CN116136843A

CN116136843A - Multi-source heterogeneous mass data fusion sharing method under complex service scene

Info

Publication number: CN116136843A
Application number: CN202111363554.4A
Authority: CN
Inventors: 郭会明; 刘佳; 赵凯; 庞路明
Original assignee: China Changfeng Science Technology Industry Group Corp
Current assignee: China Changfeng Science Technology Industry Group Corp
Priority date: 2021-11-18
Filing date: 2021-11-18
Publication date: 2023-05-19

Abstract

The invention relates to a multi-source heterogeneous mass data fusion sharing method in a complex business scene, which comprises data access, data processing, data management, data organization and data service. The invention takes the data acquisition technology as a support, is mainly based on a big data acquisition platform, and develops the acquisition sharing of the data of different business member units according to different application scenes of various data, forms a unified data service product, provides data sharing service to the outside, and serves upper business application.

Description

Multi-source heterogeneous mass data fusion sharing method under complex service scene

Technical Field

The invention belongs to the technical field of big data processing, and relates to a multi-source heterogeneous mass data fusion sharing method in a complex service scene, which is used for fusion sharing of a large amount of data of different services, different sources and different types among multiple departments.

Background

The large data utilization often needs to call the data of each related industry and each field through a unified platform for analysis and processing, including means such as data extraction, file analysis, interface call, data pushing and the like. However, at present, due to practical reasons such as application blocking, task segmentation, data dispersion, resource fragmentation, standard non-uniformity and the like of each business department in data acquisition and processing, the problems of difficult data access aggregation, difficult data asset management, low development and utilization level, difficult data fusion sharing and the like are caused.

Disclosure of Invention

The invention aims to solve the problems and provide a multi-source heterogeneous mass data fusion sharing method in a complex service scene, which provides support for large-scale, multi-source, cross-domain and heterogeneous data convergence fusion sharing, further plays the efficacy of data assets and improves the application intelligence level.

The technical scheme of the invention is as follows:

the multi-source heterogeneous mass data fusion sharing method under the complex service scene is characterized by comprising the following steps of:

(1) And (3) data access: a unified data convergence platform is established, data annotation items are unified, communication cost of different services is reduced, and preliminary docking work of data is completed;

(2) And (3) data processing: for various data accessed to the data convergence platform, data cleaning is carried out, wrong and repeated data are deleted, and relevant missing item information is complemented according to a mapping table; performing conversion of related codes according to the data dictionary table; extracting characteristic character strings in the fields; checking the data;

(3) Data management: cataloging the data resources to form a data asset catalog, and managing the data resources to realize scientific, orderly and safe use of the data resources;

(4) Data organization: according to the requirements of data application, organizing schemes according to the standard and the flow specification defined by the data, realizing the classified database construction from an original database to a standard database, a subject database and a subject database, and further strengthening the internal association of the application system big data;

(5) Data service: providing a query retrieval service of data detail, and supporting the query of accurate/fuzzy and various screening conditions; providing model analysis service, carrying out collision, analysis and prediction on the data set according to service requirements, and searching for a hidden rule in the data; providing comparison subscription and data pushing of data; and providing data access authentication based on the data access rule, and realizing access control to the data resource.

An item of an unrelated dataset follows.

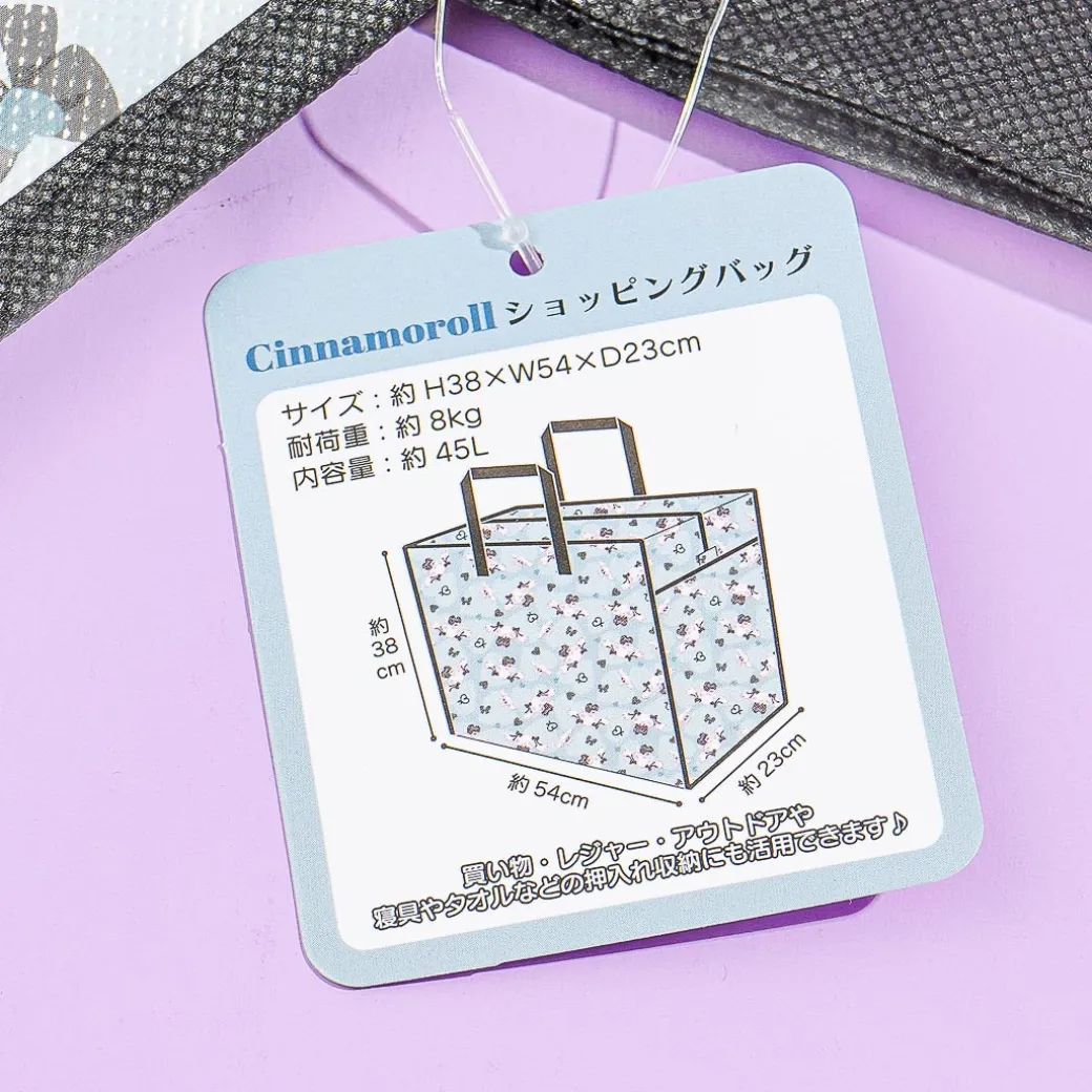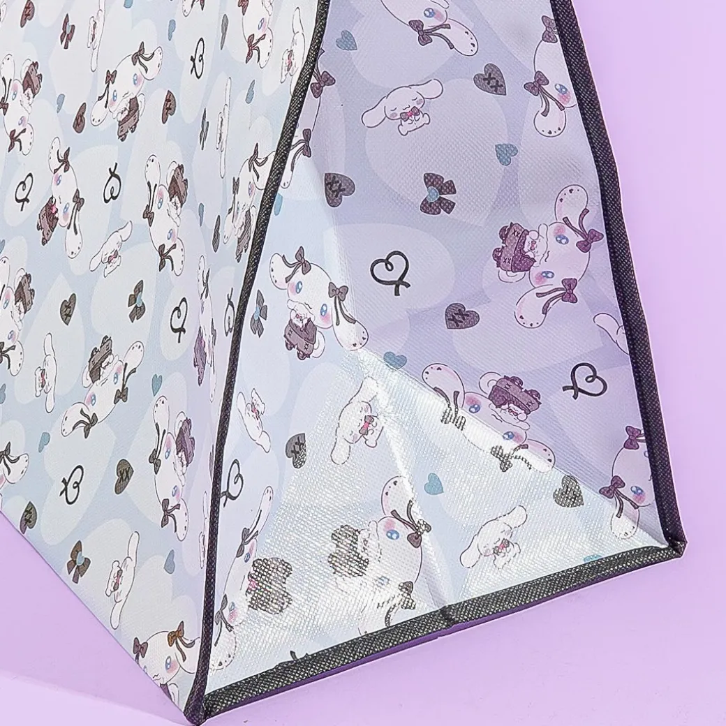 This super kawaii bag features illustrations of hearts, ribbons, and Cinnamoroll who looks like a Gothic Lolita doll. Use this roomy zippered bag when you travel or go on a picnic!

The invention takes the data acquisition technology as a support, is mainly based on a big data acquisition platform, and develops the acquisition sharing of the data of different business member units according to different application scenes of various data, forms a unified data service product, provides data sharing service to the outside, and serves upper business application.

Drawings

Fig. 1 is a data access convergence fusion sharing technology roadmap of the invention.

Detailed Description

As shown in fig. 1, the present invention mainly comprises data access, data processing, data management, data organization and data service.

(1) And (3) data access:

firstly, the required data is cleared according to the field of the self, the self function positioning and the self business application system, and the required data is targeted and refined as much as possible; and secondly, according to the data requirements, the data information condition table of the requirements is combed, the contents of source units, data items, update frequency, highest time delay, data format, data quantity, data type, network where the data are located, system where the data are located, security requirements, data security, data classification, service classification, permission approval, sharing requirements, application description and the like are refined, the communication cost of different services is reduced, and the primary docking work of the data is completed efficiently.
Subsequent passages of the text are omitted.